Radius is one of only a handful of institutions to use this technology. BankMobile, a digital-only offshoot of Customers Bank in Phoenixville, Pa. that uses tech from Mitek and Malauzai, recently made the photo input feature available through its mobile app.
More banks are expected to follow suit as the tech matures.
Julie Conroy, a research director for Aite Group's retail banking practice, said numerous institutions are looking to capture the data off an identity document to simplify the mobile data entry process. They are also making investments to let people begin an application in one channel and complete it in another.
Radius, for one, thought simplifying the task for mobile was a necessity.
"Our overall mantra is to make everything a really great customer experience," said Rob Landstein, executive vice president and chief information officer at Radius. "It's the biggest branch: the online channel."
It's reaping results. The bank, which made the scanning feature available through its responsive design website, said it has observed a 96% increase in account application page viewing on mobile devices in the five months following the technology upgrade year over year.

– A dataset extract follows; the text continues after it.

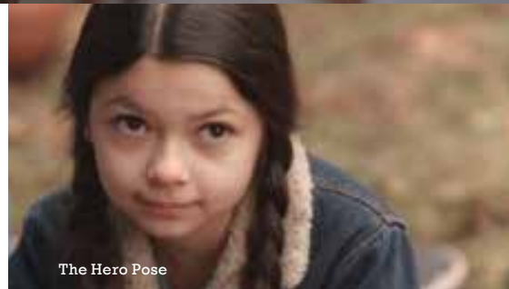
The Hero Pose

Amol Shah, a director in AlixPartners' financial services practice, said banks nationwide are evaluating their distribution models as ever-more consumers are doing banking activities online, including the way they switch their primary banking accounts. The research firm's most recent survey showed that 18% of those polled said they completed and submitted the application online, up from 15% in a survey released six months prior.
Additionally, a number of institutions are evaluating the photo technology and other methods designed to ease the burden of applying for accounts on the mobile device, said Shah.
But consumers are setting the terms of what they want in digital. "What we see and what we hear from banks is innovation and investment in mobile is consumer led," said Shah.